1. ## Exponential Equation??

Came across an exponential equation that I am having a hard time solving. If anyone can walk me through this it would be appreciated...

$\displaystyle 2^x - 4x + 1 = 0$

Problem says use the calculator to obtain a decimal approximation for the solution.

2. You posted this in the basic algebra forum.
Therefore, I think that you are meant to graph the expression.
See where the zeros would be and then ‘zoom in’ on them.
It appears that it has two roots between 0 & 5.

3. maybe I posted in the wrong section. I believe I have to somehow use log or ln in this problem, as that is the chapter we are currently on.

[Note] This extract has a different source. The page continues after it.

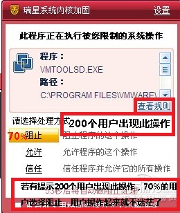 图中的  信息是:200个用户出现了此操作 ,70%的用户选择了  阻止!!!若有云安全连接其中,并有提示信息,这样用户操作起来  就简单多了

If it had just been 2^x + 1 i could do. But that -4x throws me off.

The multiple choice answers are A. .639, 3.847 B. .639 C. 14.387 D. 3.847

4. Originally Posted by PhilipL
maybe I posted in the wrong section. I believe I have to somehow use log or ln in this problem, as that is the chapter we are currently on. If it had just been 2^x + 1 i could do. But that -4x throws me off.
The multiple choice answers are A. .639, 3.847 B. .639 C. 14.387 D. 3.847
Using zoom I found that answer.

If you know calculus, then Newton's Method gives the same answer.

5. Originally Posted by PhilipL
Problem says use the calculator to obtain a decimal approximation for the solution.
The function $\displaystyle f(x)=2^x-4x+1$ is continuous on $\displaystyle \mathbb{R}$. Besides $\displaystyle f(0)=2>0$ , $\displaystyle f(1)=-1<0$, $\displaystyle f(3)=-3<0$ and $\displaystyle f(4)=1>0$. According to Bolzano's Theorem there are two solutions $\displaystyle c_1\in (0,1)$ and $\displaystyle c_2\in (3,4)$ for the equation $\displaystyle f(x)=0$. It is easy to prove that the equation has not more solutions.

Now using the calculator, you can try $\displaystyle f(0'1),\;f(0'9),\ldots$ etc.

Regards.

Fernando Revilla

Edited: Sorry, I didn't see the previous answers.

6. kinda feel dumb now. I was just overthinking the question. But thanks!